3 Ways Society Deals With That Death Have Changed In The Last 100 Years

Many people spend their entire life dancing around the idea of death and trying to avoid facing it head on. Whether it is due to fear of the unknown or the general tendency to disregard things that you find to be disturbing, people do not generally want to talk about the end of life. Thanatology, or the study of death, takes a closer look at the inner workings of this inevitable part of living. You may be surprised to learn that hospice care services and even emergency personnel are often required to takes classes in the psychological aspects of death and dying because it is such a big part of their job.

You may not know a great deal about studying death, but you may find it interesting to take a look at how society has dealt with death over the last century. Here are three things that have dramatically changed in the last 100 years.  
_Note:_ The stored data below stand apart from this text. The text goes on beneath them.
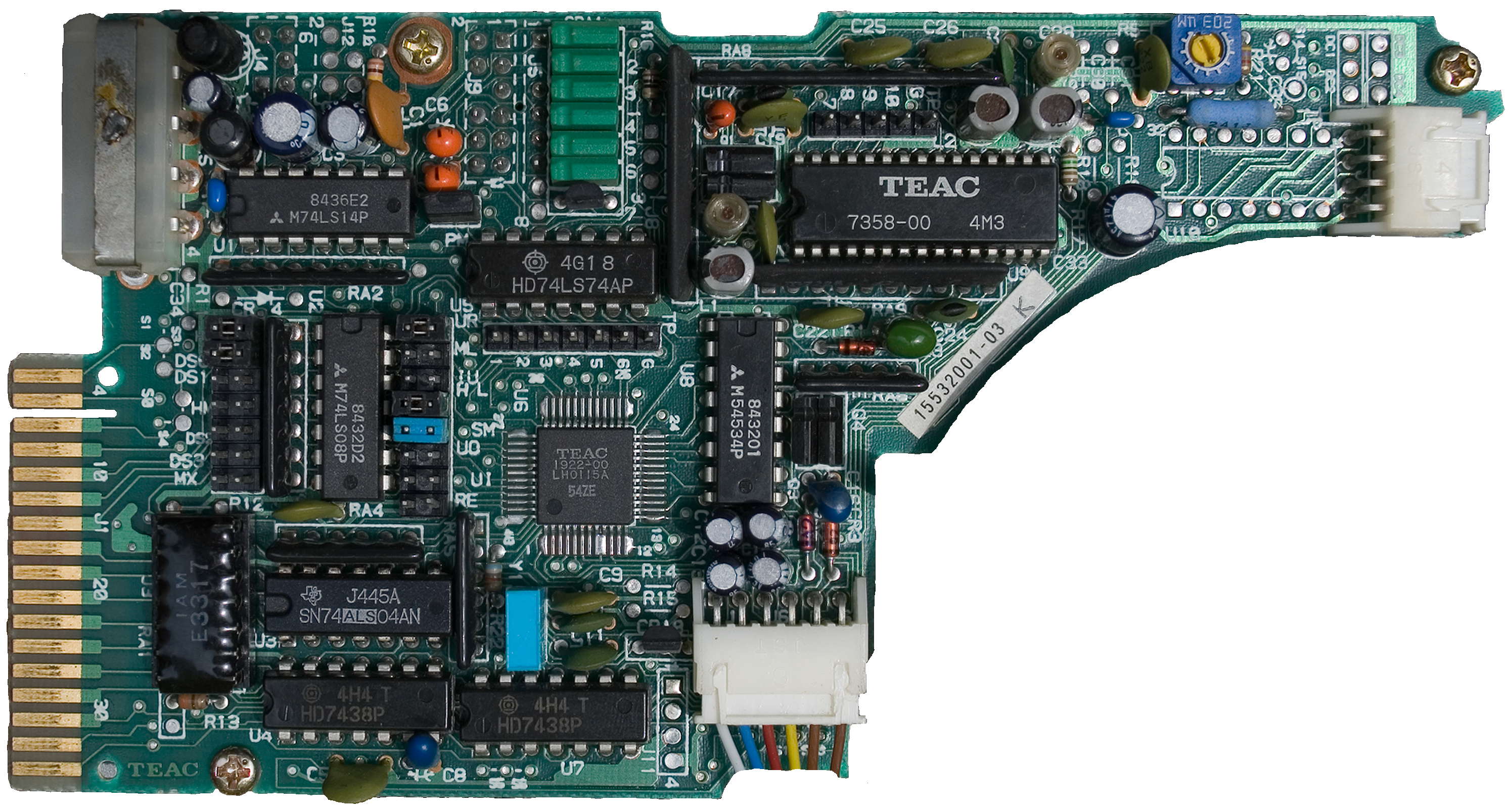 Насчёт этой платы у меня большие сомнения - это вообще-то плата контроллера от дисковода Robotron, и непонятно что она делает в накопителе Teac. Хотя известно, что в этой плате разводка разъёмов для подключения шагового двигателя, блока головок и т.п. одинакова с приводами Teac. Поэтому буду считать с большой натяжкой, что это плата от Teac.
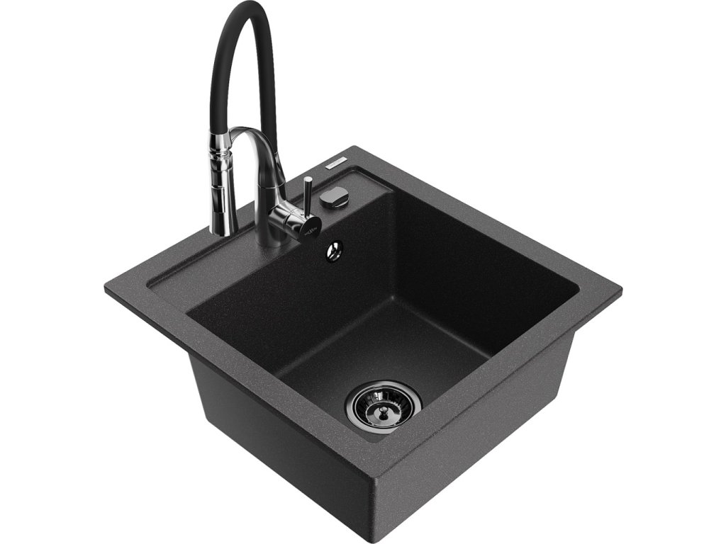 MEXEN/S - Vito granitový dřez 1-miska včetně baterie Aster, černá kropenatá 6503-76-73450-07-B
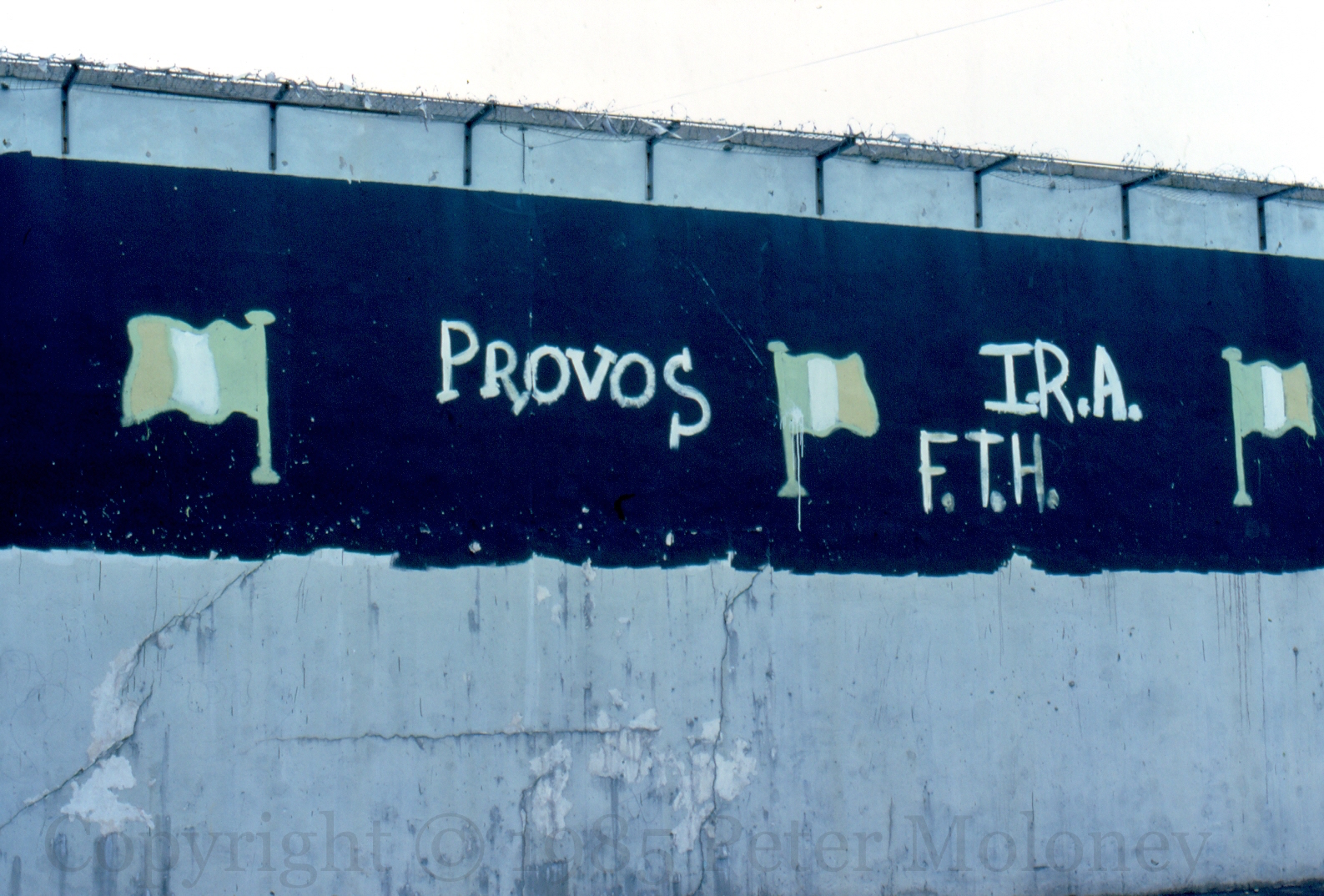 Provos 1985-02-042025-01-31Extramural Activity “Provos”, “IRA” and “FTH” in an unknown street, Belfast. Please e-mail/comment if you know the location. Click image to enlargeCopyright © 1985 Peter MoloneyM00305 locationunknown Share this: Click to share on X (Opens in new window) X Click to share on Facebook (Opens in new window) Facebook Like Loading... Related
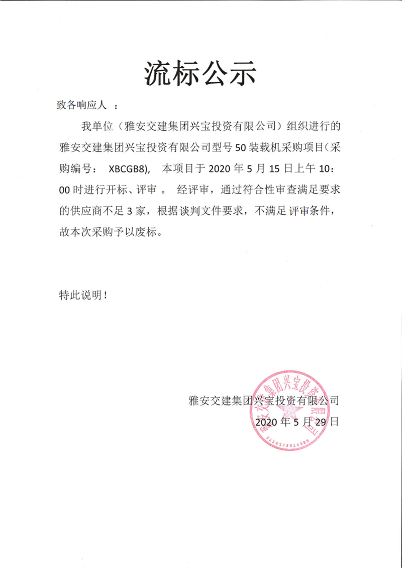 雅安交建集團興寶投資有限公司型號50裝載機采購項目流標(biāo)公示
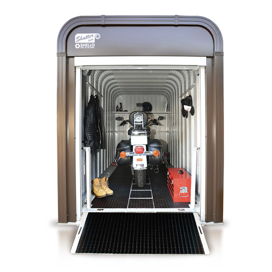 『シャッターシェローエボリューション』は、ボディー及びシャッターの色の組み合わせにより231通りのカラーバリエーションが可能で自分だけのガレージを作成することが可能です。防犯性にも大変優れており、前面シャッター部を破壊されても、スロープを南京錠でロックできるシステムにより盗難からバイクを強力に守ります。
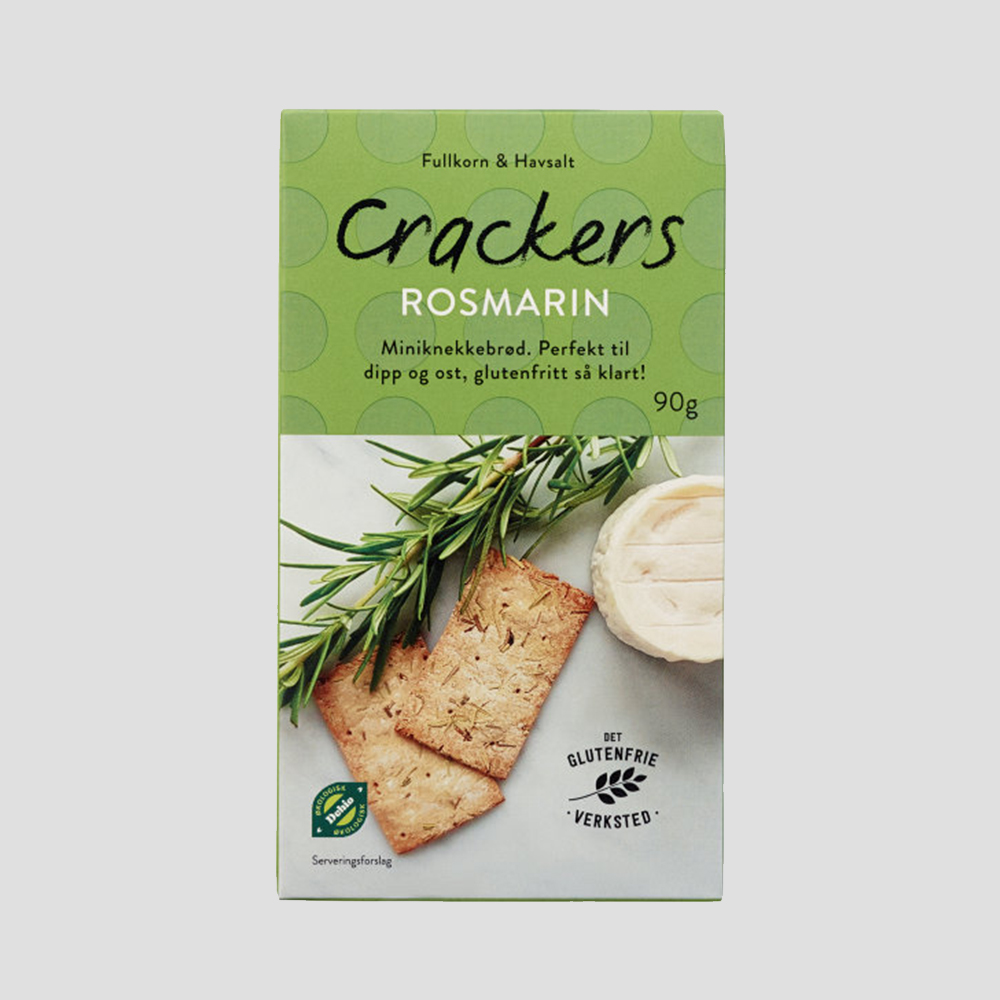 Miniknekkebrød laget med fullkorn og havsalt. Lett krydret med rosmarin. Perfekt til dipp, ost eller suppe. Glutenfritt og økologisk.Smaker godt som de er eller som perfekt tilbehør.
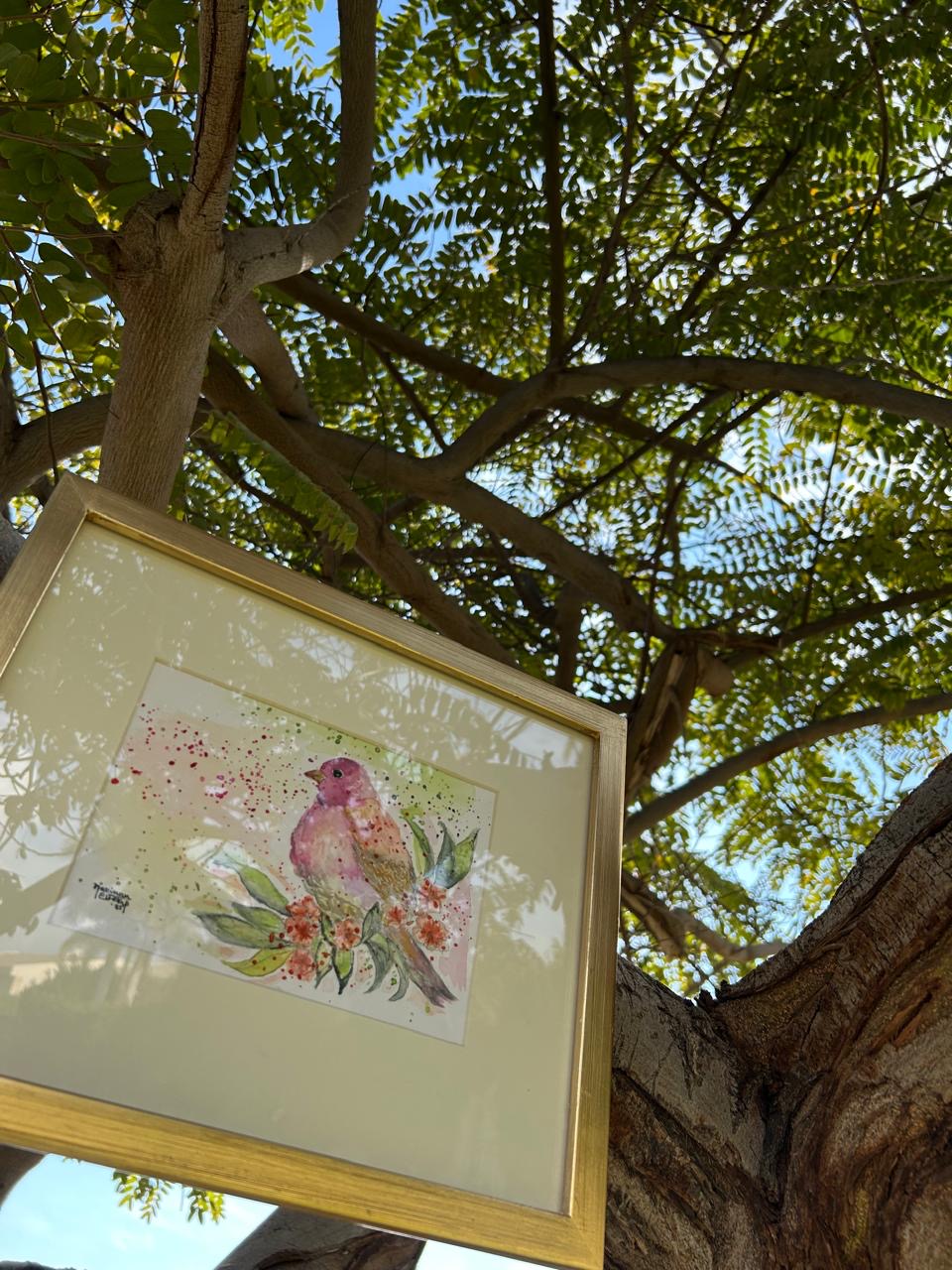 Watercolor portrayal of a hand-painted bird framed in a handmade wooden frame covered in gold leaves.
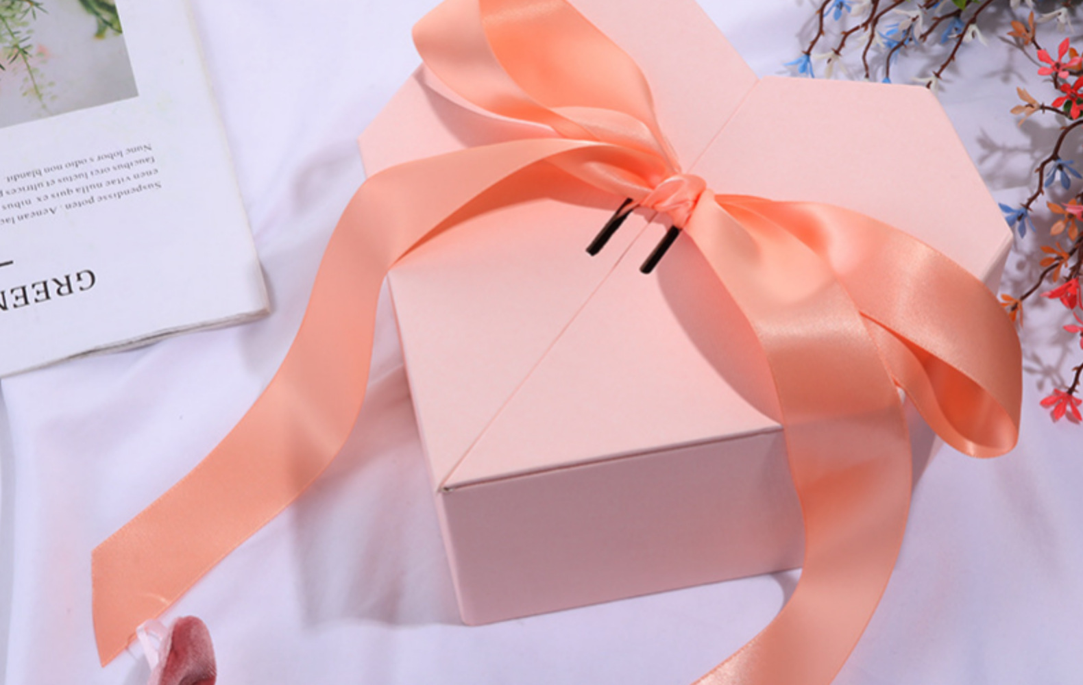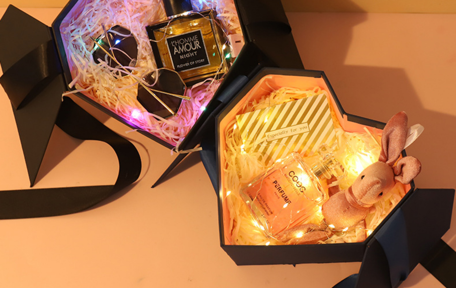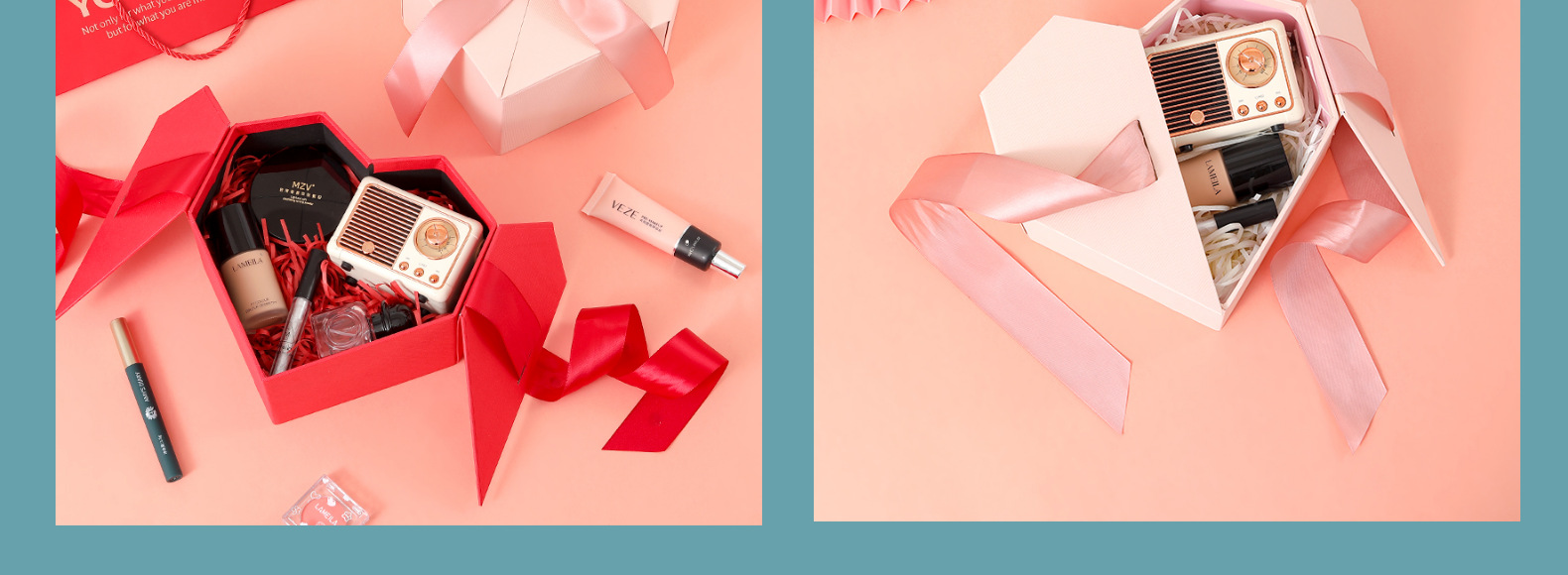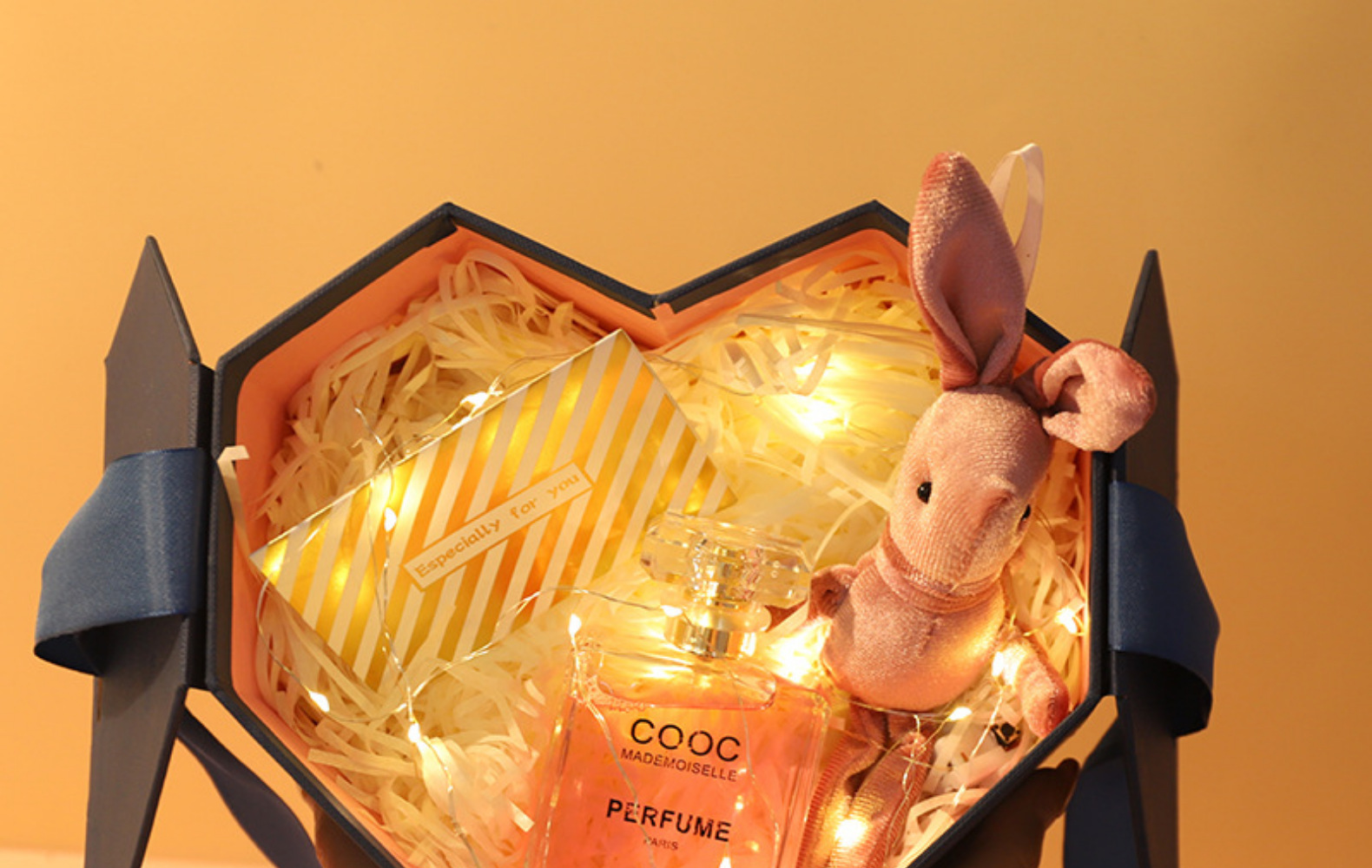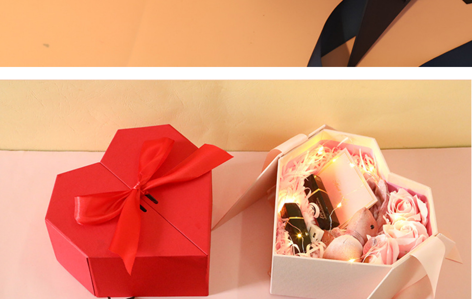 Caja de regalo con lazo de cinta en forma de corazón, caja de regalo para bodas, caja de regalo para cosméticos navideños, caja de regalo en forma de corazón

  • Death Left the Home -- In the early part of the 19th century, it was common practice for people to die at home. This was partially due to the fact that geographic mobility was difficult and time consuming, but also for the fact that there was often nowhere to go for adequate care anyway. If you were to get ill with a disease, your family would do what they could to make you comfortable, and you would die in your own bed. You would most likely also be buried on your property.
  •  Death Causation Factors Have Changed -- The most common cause of death in the 1900's was infectious disease, which not only affected the old, but the very young as well. Life expectancies were lower and children were at great risk of dying from simple infections. The development of antibiotics helped lower the infant mortality rate.
  • The Media Portrays Death Differently -- If you turn on the television at any time of the day, there is a good chance you will be exposed to some aspect of death. Whether it is the news reporting violent crime in crude detail or your favorite crime drama, dead bodies and graphic imagery are quite the norm. The media has always portrayed death to get people's attention. Many newspaper articles of the past prove this fact. What has changed, however, is thanks to technology, the average person is inundated with death on a daily basis. Therefore, even though people are not talking about it, they often get a dramatized picture in their head of what death is "supposed" to be like.

In gaining understanding of death and dying, you will be more equipped to live a more fulfilling life. Hospice care workers spend a great deal of time studying thanatology to be better equipped to offer their advice to not just their patients, but their family members as well.